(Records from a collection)
=====

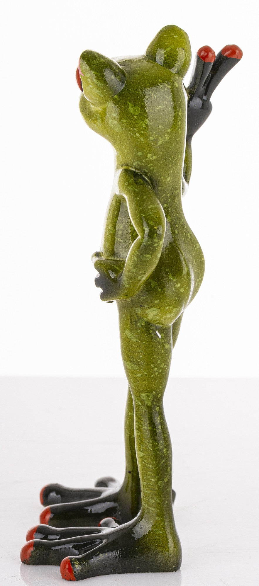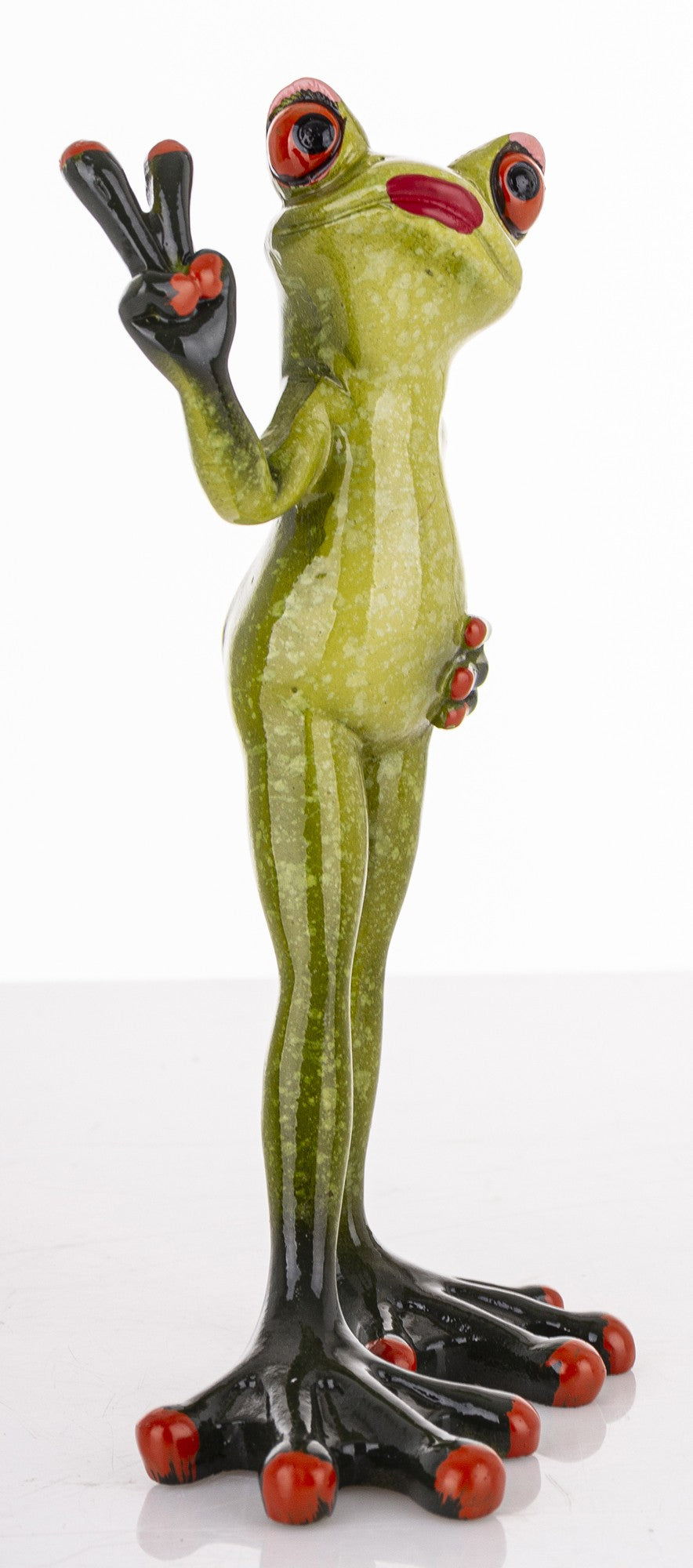 Decorațiune veselă din rășină în formă de broască cu poziție „V”. Ideală pentru un decor haios în living sau birou, și ca cadou amuzant pentru prieteni. Transport gratuit peste 350 lei – mentha
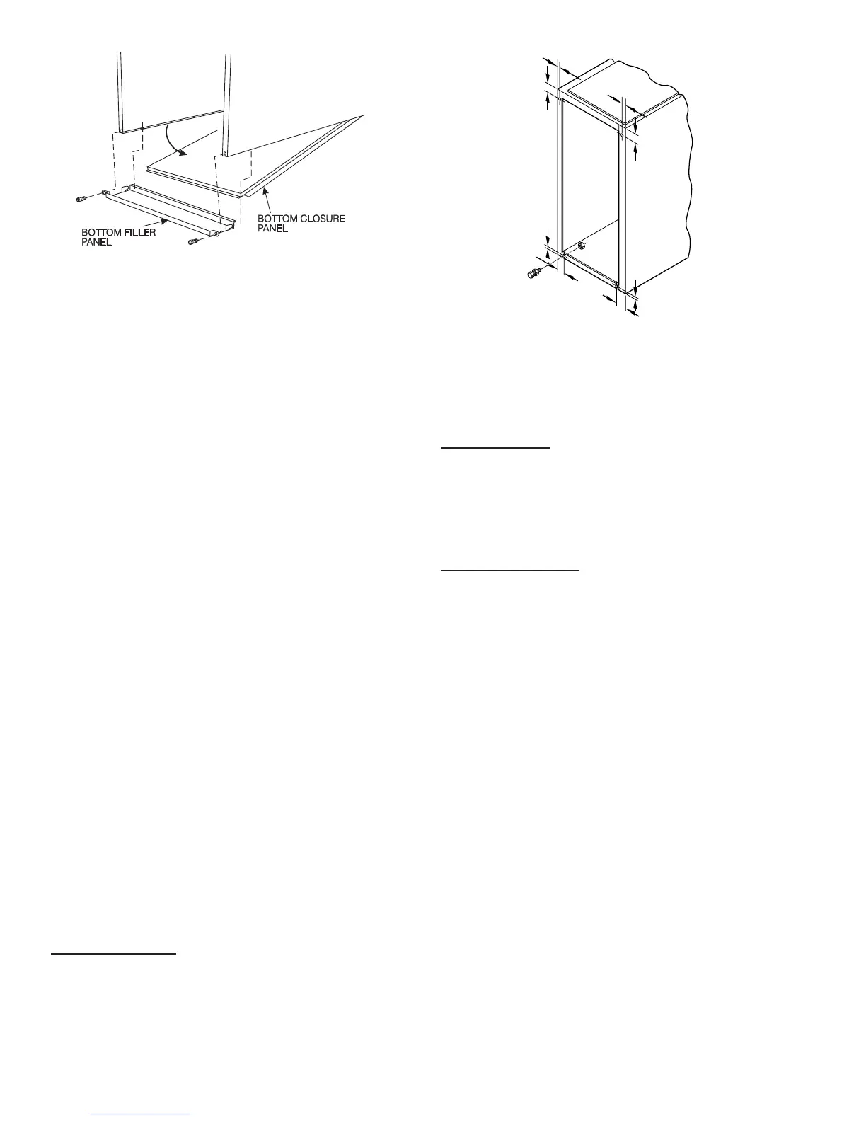 to install leveling legs. To remove bottom closure panel, see Item
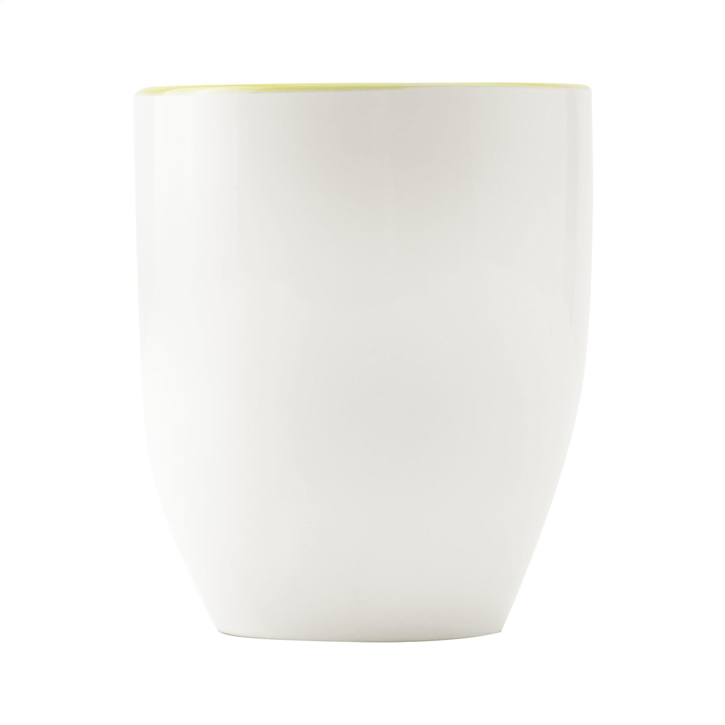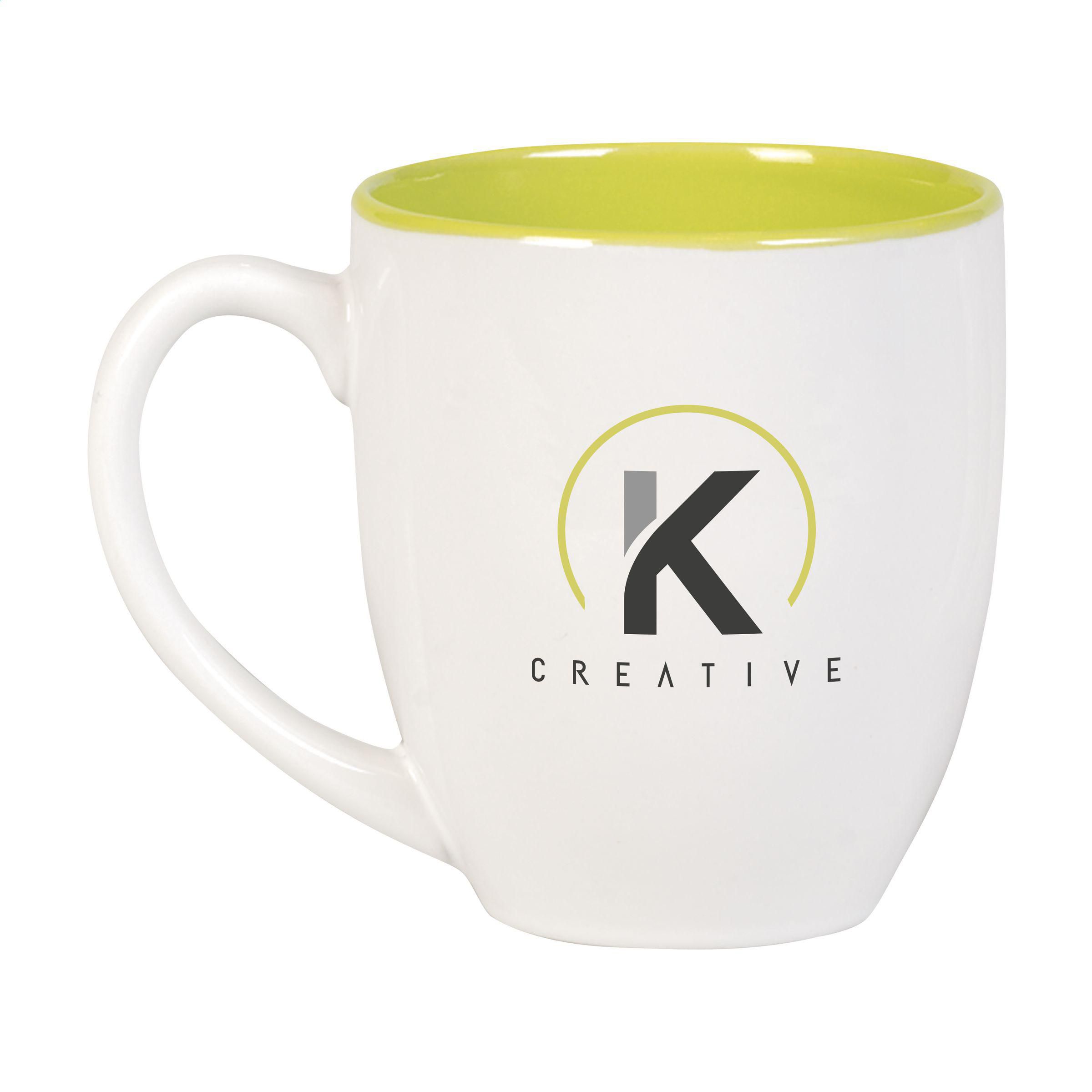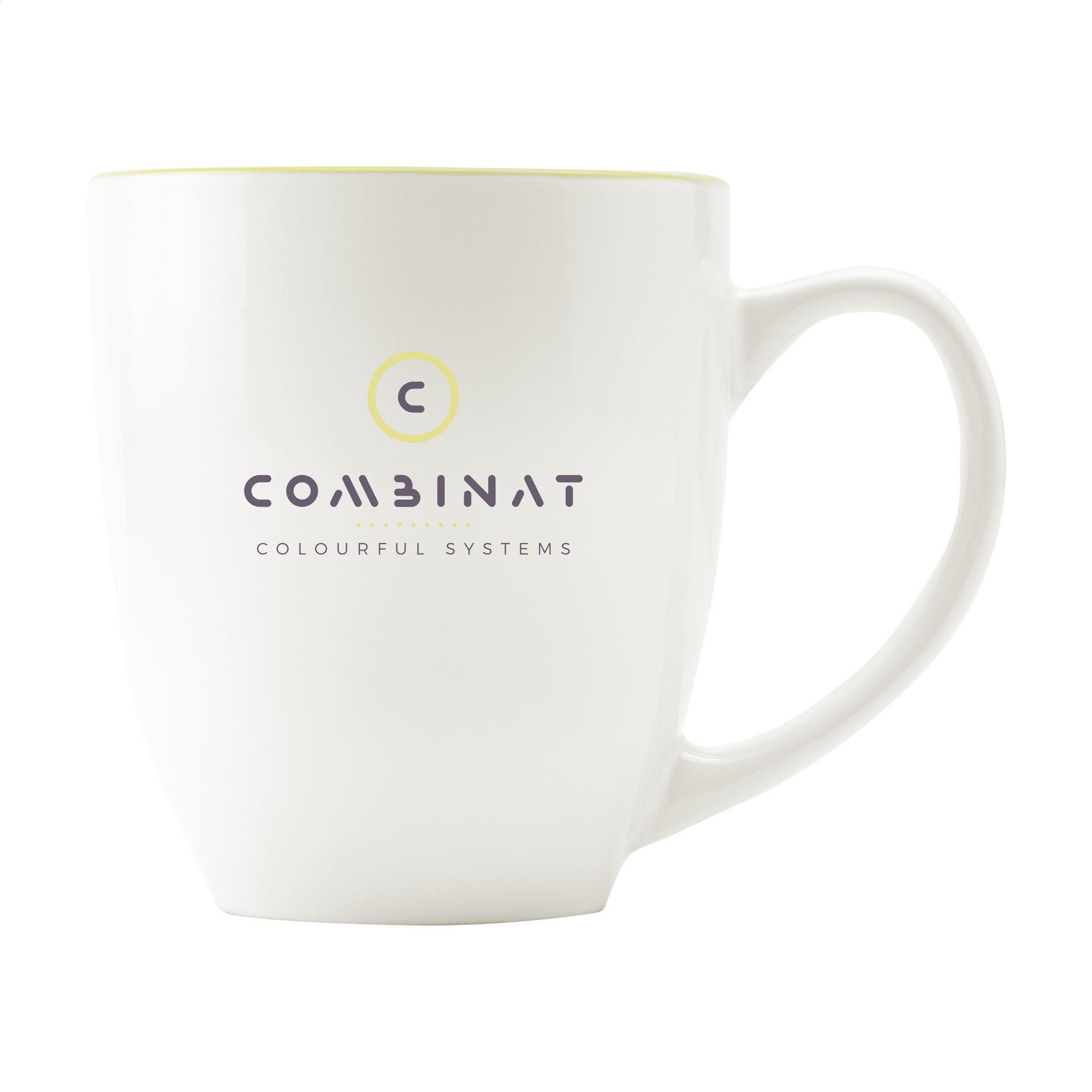 Extragroßer Becher aus hochwertiger Keramik. Komplett in weiß oder mit auffallender, farbiger Innenseite. Fassungsvermögen 450 ml. Spülmaschinengeeignet. Der Aufdruck ist spülmaschinengeprüft und nach EN 12875-2 zertifiziert.
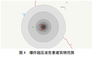 該爆炸事故對建筑物定量危害范圍如表 4所示。
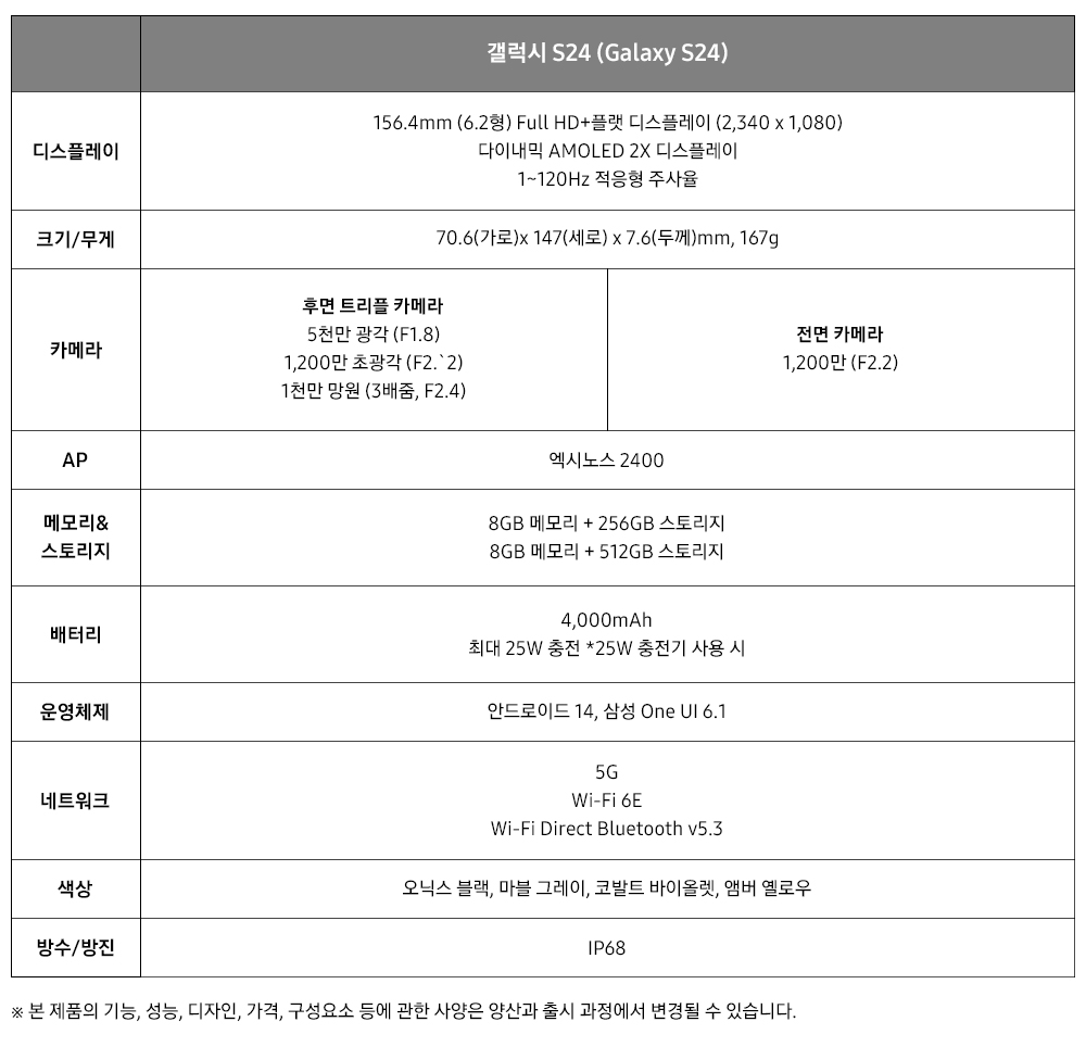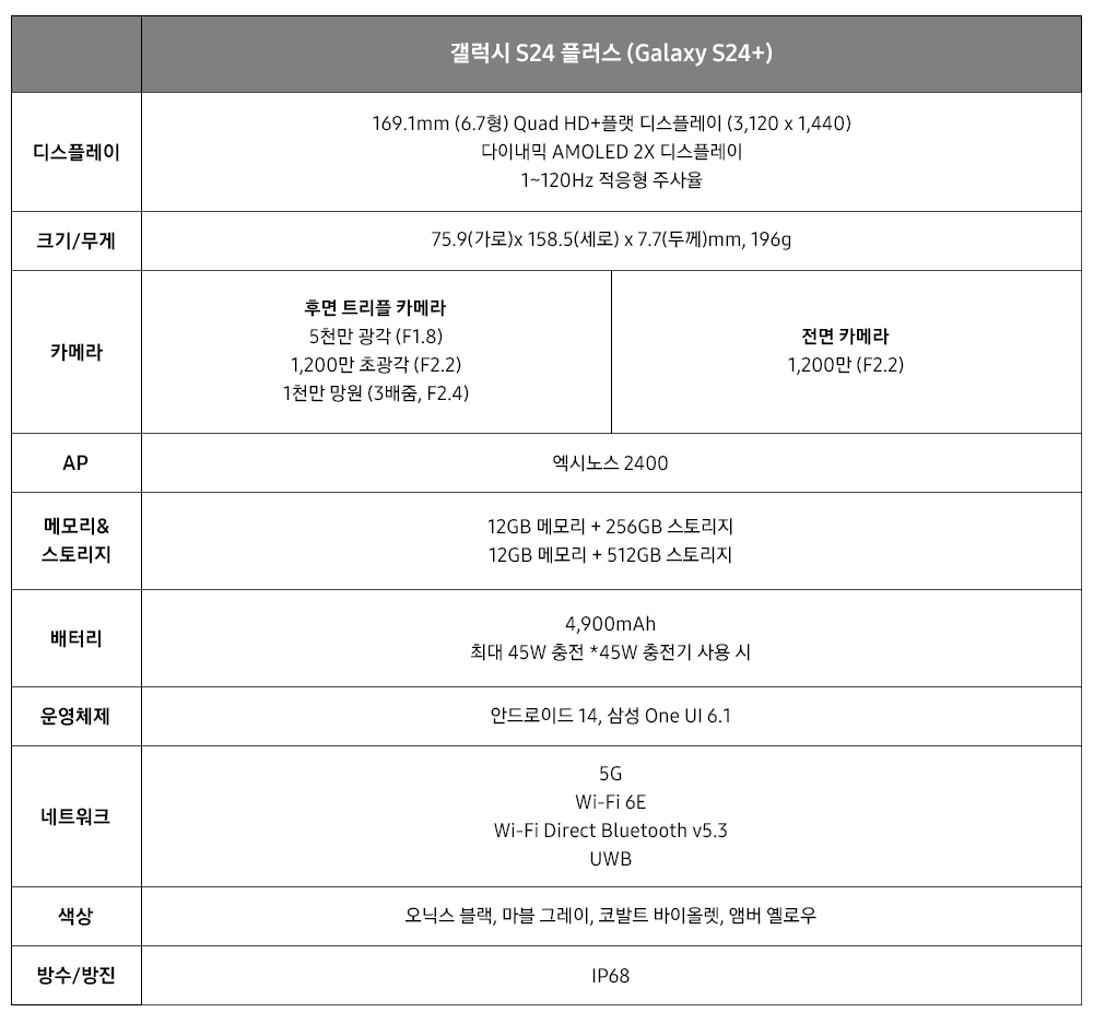 갤럭시 S24+와 갤럭시 S24는 오닉스 블랙, 마블 그레이, 코발트 바이올렛, 앰버 옐로우 4가지 색상으로 출시된다. 갤럭시 S24+는 256GB 모델이 135만 3천원, 512GB 모델이 149만 6천원이다. 갤럭시 S24는 256GB 모델이 115만 5천원, 512GB 모델이 129만 8천원이다.

=====

Omit every picture, then repeat the remaining data exactly as it appears above.

### Exercise result
 Decorațiune veselă din rășină în formă de broască cu poziție „V”. Ideală pentru un decor haios în living sau birou, și ca cadou amuzant pentru prieteni. Transport gratuit peste 350 lei – mentha
 to install leveling legs. To remove bottom closure panel, see Item
 Extragroßer Becher aus hochwertiger Keramik. Komplett in weiß oder mit auffallender, farbiger Innenseite. Fassungsvermögen 450 ml. Spülmaschinengeeignet. Der Aufdruck ist spülmaschinengeprüft und nach EN 12875-2 zertifiziert.
 該爆炸事故對建筑物定量危害范圍如表 4所示。
 갤럭시 S24+와 갤럭시 S24는 오닉스 블랙, 마블 그레이, 코발트 바이올렛, 앰버 옐로우 4가지 색상으로 출시된다. 갤럭시 S24+는 256GB 모델이 135만 3천원, 512GB 모델이 149만 6천원이다. 갤럭시 S24는 256GB 모델이 115만 5천원, 512GB 모델이 129만 8천원이다.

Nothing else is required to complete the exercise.